Growing up in India, vanilla ice cream was a totally different phenomenon for me. Forget the trademark pale yellow shade (occasionally with the tiny black vanilla bean seeds) and the crème anglaise base. No, classic Indian vanilla ice cream is eggless and white, with a rich, milky flavour balanced by a smooth buttery note, almost as if it’s naturally infused with vanilla.
Imagine dunking that into your morning cold brew, but not having to wait for it to melt. That’s milkadamia for you.
The Chicago-based company has made giant waves in the alt-milk space since its launch in March 2016. Macadamia milk isn’t something you find in your regular grocery store, a big reason being the availability of the nut, which is concentrated in its native Australia.
milkadamia’s range includes four milk products, all made from raw macadamias — original, unsweetened, unsweetened vanilla, and ‘latte da’ (Italian for “milk from”). The latter is their barista version, amongst the finest in the plant milk lineup.

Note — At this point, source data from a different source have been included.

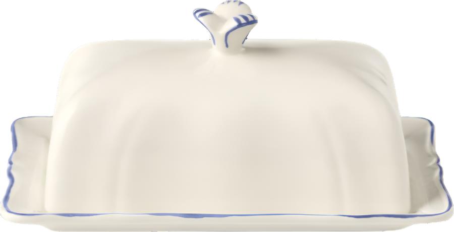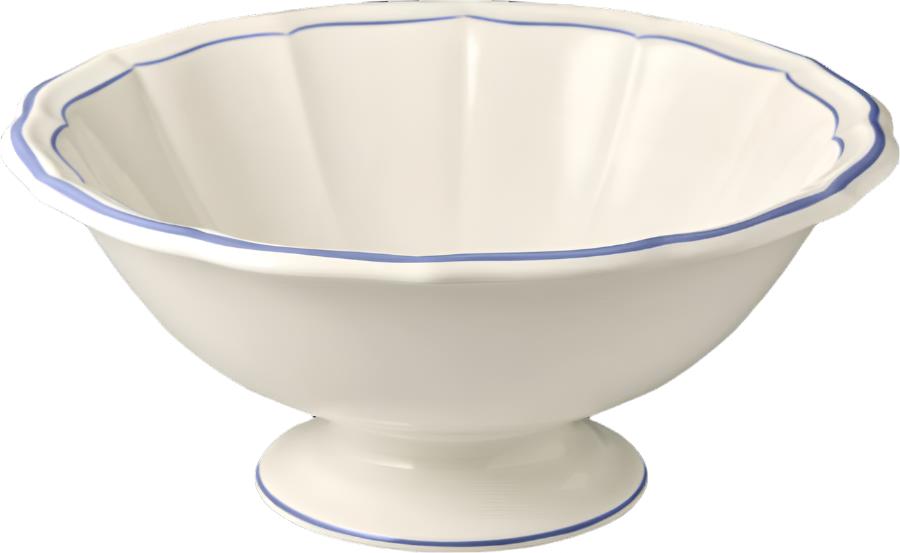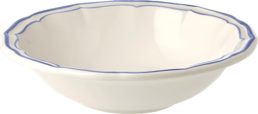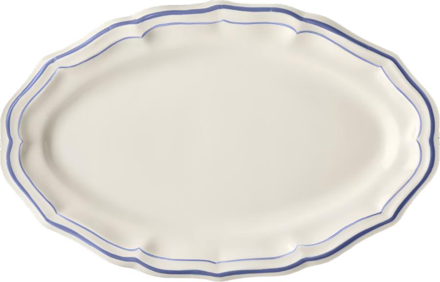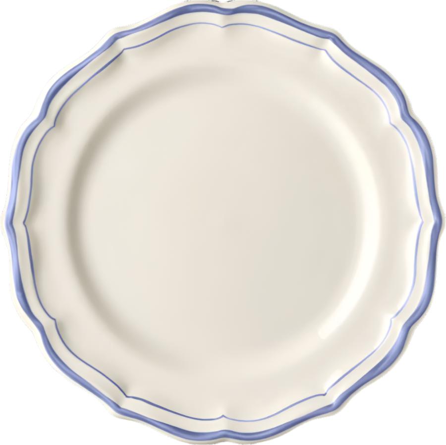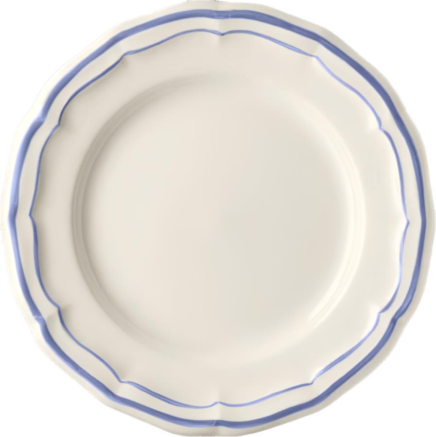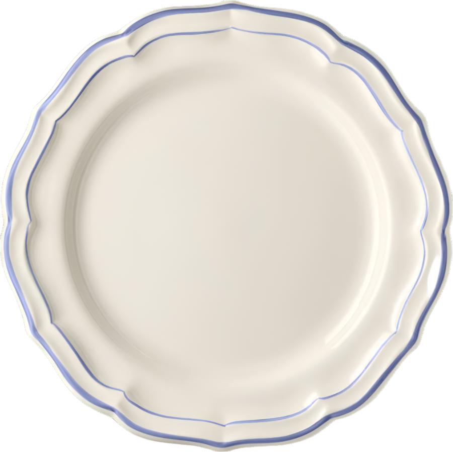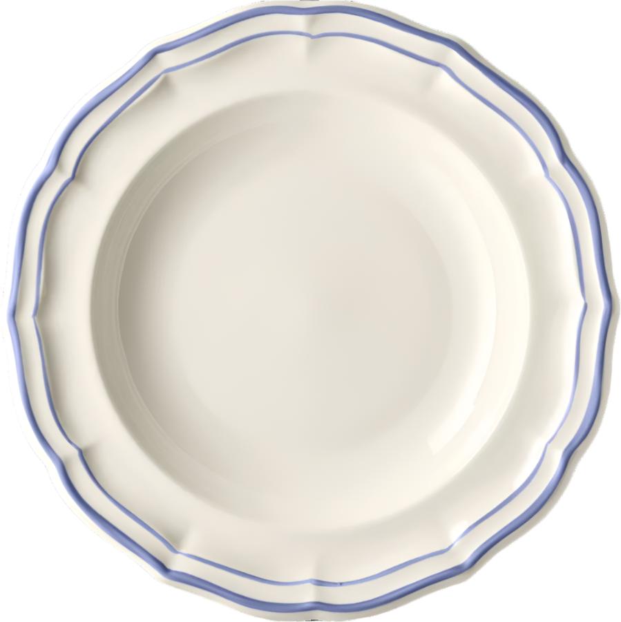 The Filet collection by Gien evokes an everyday elegance with delicate brush strokes hand-drawn on scalloped trim. In this variation, a touch of elegant blue contours each shell-shaped piece.
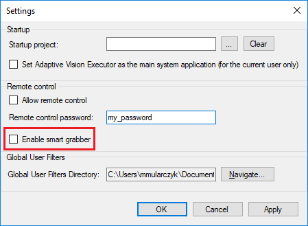 To enable remote image acquisition it is necessary to stop the executor program and enable the "Enable smart grabber" option: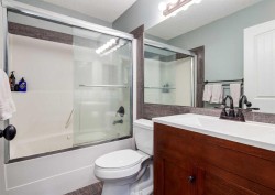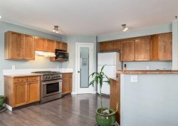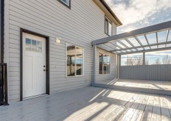 Welcome to this bright and welcoming 1,421 sq. ft. two-storey home in Cimarron Meadows, perfectly set on a quiet cul-de-sac with a large pie-shaped lot and a sun-soaked west-facing backyard. The main floor offers a spacious, open kitchen with classic oak cabinetry, an abundance of counter space, a generous walk-through pantry, and an upgraded stainless steel gas range—an ideal setup for busy families and enthusiastic cooks alike. The adjoining dining and living areas overlook the beautiful backyard, complete with a two-tiered wood deck and plenty of room for kids, pets, or future outdoor living ideas. A convenient 2-piece powder room and a combined laundry/mud room with access to the double attached garage complete the main level. Upstairs, the huge primary bedroom impresses with its natural light and walk-in closet, joined by two additional bedrooms and a well-appointed 4-piece bathroom. The partially finished basement, with two windows and a rough-in for a future bathroom, offers a great opportunity to expand your living space to suit your needs. Ideally located close to schools, parks, playgrounds, shopping, and restaurants, this is a fantastic opportunity to settle into one of Okotoks’ most family-friendly communities.

Not only does it have a distinct vanilla-y flavour with a hint of fruitiness, but it froths up incredibly well, which helps make for great cappuccinos and smoothies.

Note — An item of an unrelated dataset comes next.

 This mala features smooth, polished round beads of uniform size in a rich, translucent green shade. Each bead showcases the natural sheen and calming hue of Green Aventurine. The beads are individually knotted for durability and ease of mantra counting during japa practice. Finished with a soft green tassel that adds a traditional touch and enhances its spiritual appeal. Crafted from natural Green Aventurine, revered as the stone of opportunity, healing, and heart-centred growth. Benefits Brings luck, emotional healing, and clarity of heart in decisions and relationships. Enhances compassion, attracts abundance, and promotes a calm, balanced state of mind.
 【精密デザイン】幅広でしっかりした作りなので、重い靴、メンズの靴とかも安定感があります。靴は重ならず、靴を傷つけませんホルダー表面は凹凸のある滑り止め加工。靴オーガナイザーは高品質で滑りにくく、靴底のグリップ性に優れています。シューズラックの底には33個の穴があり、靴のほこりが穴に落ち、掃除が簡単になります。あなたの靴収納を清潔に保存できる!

“Some plant milks do froth well if they’re higher in protein, but we keep our protein low because that’s more in line with nature,” explains Christina Downey, milkadamia’s chief marketing officer. “We can’t speak to other milks, but we add more macadamias to our barista milk.”

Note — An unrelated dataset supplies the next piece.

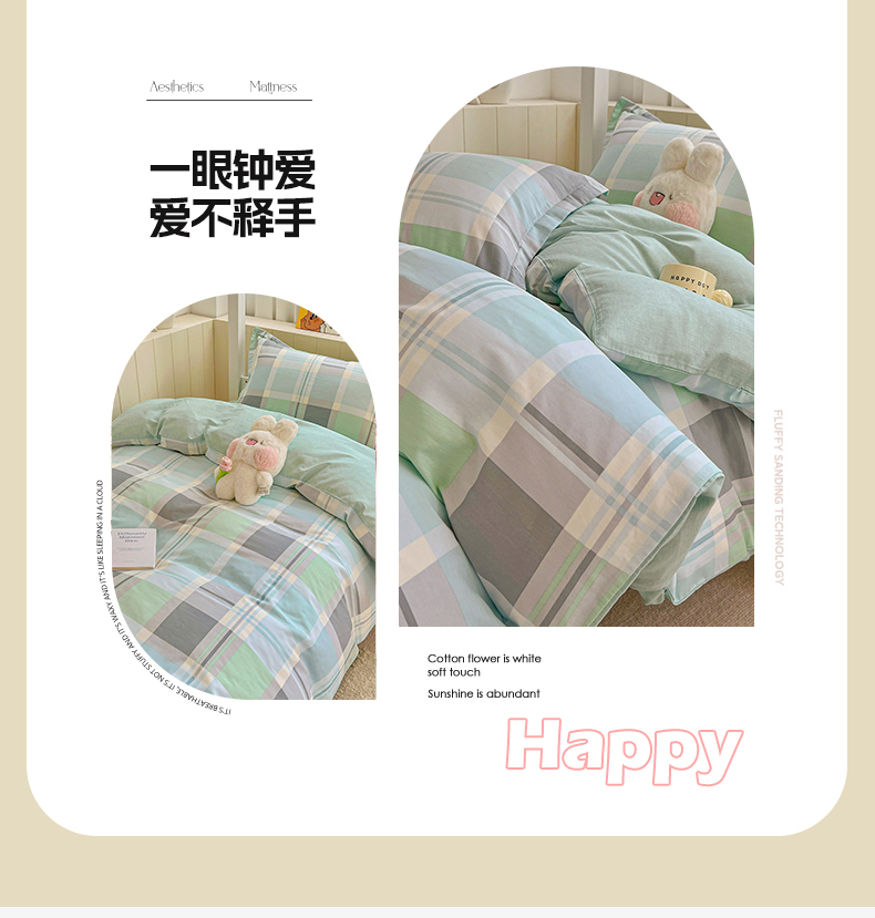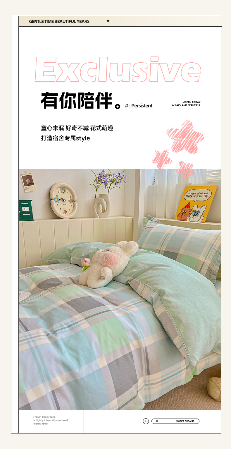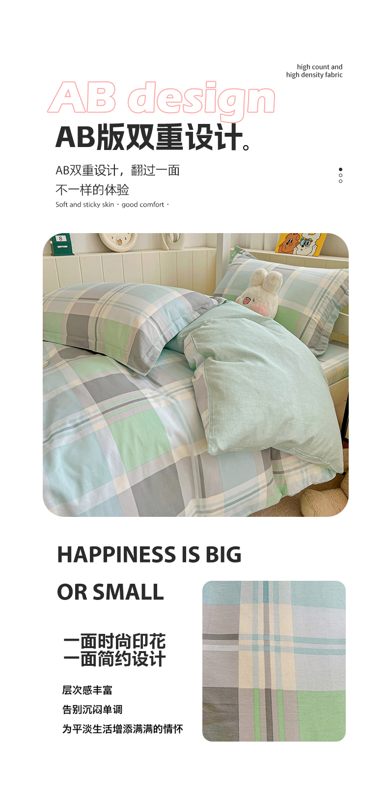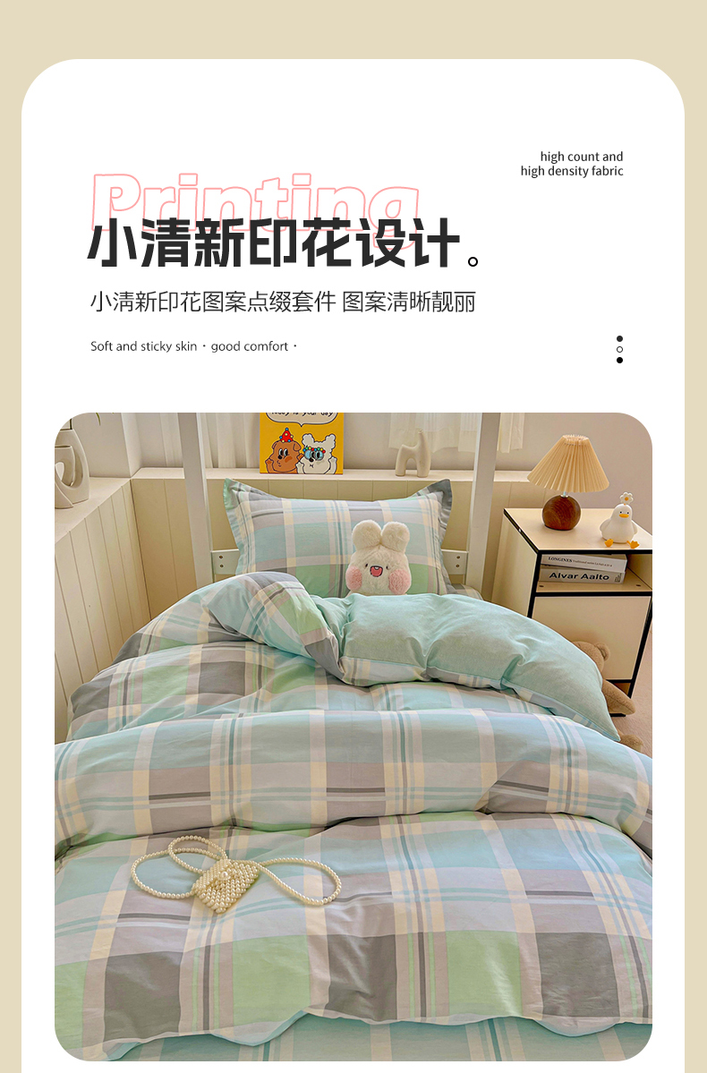 商品名称:春雨家居 2025新款学生季全棉三件套(预留缩水) 15.宜家风尚-绿

The latte da holds up really well in coffee too — which is sometimes a problem for dairy alternatives, like almond milk, which can curdle. The main reason for that is the acidity content in the product. Since milkadamia’s milks are very neutral on the pH scale (between 6.8 and 7.2), it resists any issues with curdling.
Usually, barista editions of plant-based milks are more expensive, owing to their chemical properties and how they react to heating and frothing. But all of milkadamia’s milks are — “for simplicity reasons” — the same price: £3.49. While that is hefty for an alt-milk, Downey points to the general high cost of macadamias as a nut.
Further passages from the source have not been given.